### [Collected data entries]
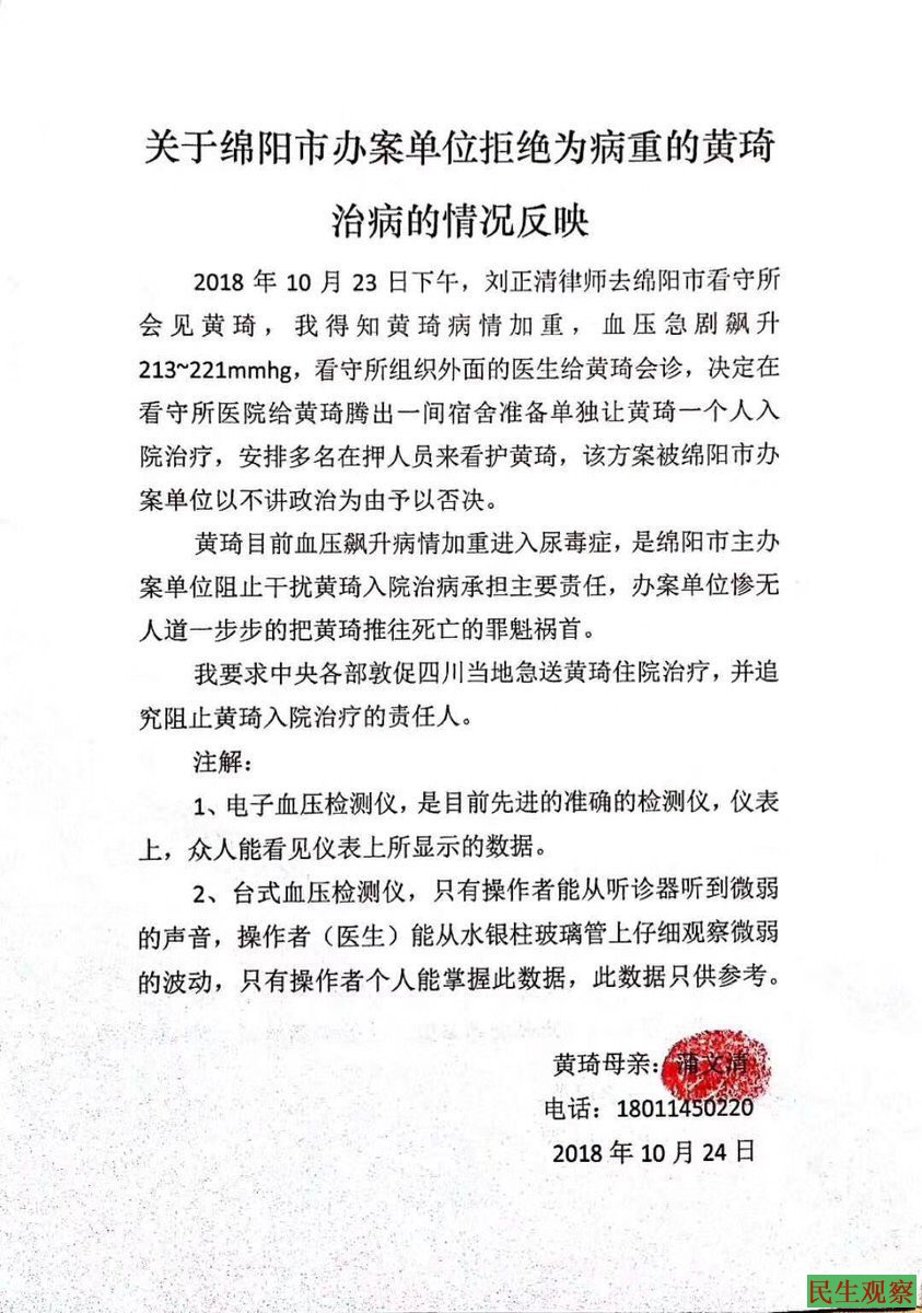 黄琦母亲蒲文清老人日前向当局发出一份情况反映书,指绵阳市公安局(办案单位)拒绝为病重的黄琦安排治疗,是惨无人道一步一步将黄琦推向死亡的罪魁祸首,恳请当局敦促绵阳市警方尽快将黄琦送医救治并追究阻止责任人的责任。
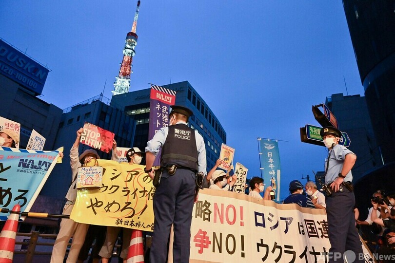 【8月25日 AFP】ロシアのウクライナ侵攻開始から半年となる24日、東京都港区のロシア大使館付近で小規模な抗議デモが行われた。参加者らは「戦争反対」などと書かれたプラカードなどを掲げた。この日はウクライナの独立記念日にも当たる。(c)AFP
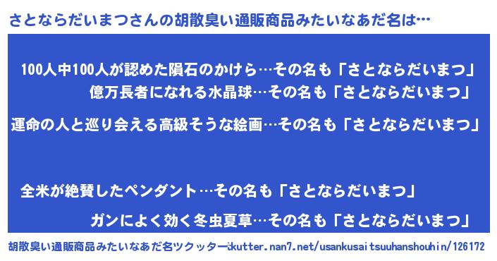 | 男性向けラノベタイトル風あだ名 | 『うちのさとならだいまつが世界を掌握している!』 |
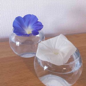 今日咲いた朝顔。有給を取って家にいるので、切り花にしてみました。
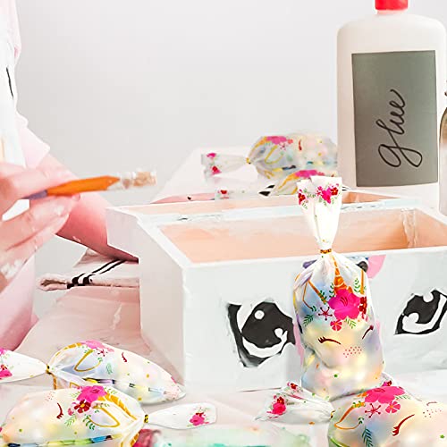 Boao 100 Sacchetti per Feste di Unicorno Magico Sacchetti di Caramelle a Tema Unicorno in Plastica Sacchetti per Feste di Unicorno Sacchetti per Dolcetti di Unicorno con Nastri da Annodare

### [What to do]
Every line from the one holding "今日咲いた朝顔。有給を取って家にいるので、切り花にしてみました。" through the final line of the data above is to be reproduced exactly, both ends included, with the pictures left out.

### [Response to the exercise]
 今日咲いた朝顔。有給を取って家にいるので、切り花にしてみました。
 Boao 100 Sacchetti per Feste di Unicorno Magico Sacchetti di Caramelle a Tema Unicorno in Plastica Sacchetti per Feste di Unicorno Sacchetti per Dolcetti di Unicorno con Nastri da Annodare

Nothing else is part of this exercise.